Acquirers will probably be major oil companies that are having a tough time increasing production, such as Europe’s Royal Dutch Shell Plc and Total SA, Harper said. Potential takeover targets would include independent exploration and production companies like Ultra Petroleum Corp, EnCana Corp, and Range Resources Corp, he said.
XTO’s output jumped 23 per cent to the equivalent of 2.95 billion cubic feet of gas a day after a $4.2 billion acquisition spree last year that included Hunt Petroleum Corp. The company reported proved reserves equivalent to almost 13.9 trillion cubic feet of gas at the end of last year.
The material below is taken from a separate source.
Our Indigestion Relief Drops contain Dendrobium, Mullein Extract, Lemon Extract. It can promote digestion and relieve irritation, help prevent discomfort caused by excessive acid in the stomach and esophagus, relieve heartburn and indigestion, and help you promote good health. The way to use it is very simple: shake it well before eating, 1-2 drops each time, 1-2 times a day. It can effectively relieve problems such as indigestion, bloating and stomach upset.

Including reserves not yet proved, XTO has an estimated 45 trillion cubic feet of gas equivalent, according to Monday’s statement.
“There very little in the way of really good reserves out there,” said Stephen Leeb, who manages $175 million as president of Leeb Capital Management in New York. “If you want reserves you can count on, you really have to buy domestic reserves, or reserves in countries that are, you know, trustworthy, and XTO has a lot of wonderful domestic reserves, especially, I think, in the gas area.”
Including all reserves, not just proved, Exxon is paying $5.47 per barrel of oil equivalent in reserves, Chief Executive Officer Rex Tillerson told reporters on a conference call.
XTO extracts gas from the Barnett Shale region of Texas, the largest so-called unconventional gas field in the US, and is drilling in the Bakken Shale in North Dakota, where oil is trapped between shale beds in rock resembling concrete.
The company is doubling its drilling in the Marcellus Shale, a gas-bearing formation that stretches through parts of Pennsylvania, New York and West Virginia. Shale developments, where rock formations are fractured and injected with water, sand and chemicals to release trapped gas, drove a jump in US gas production last year.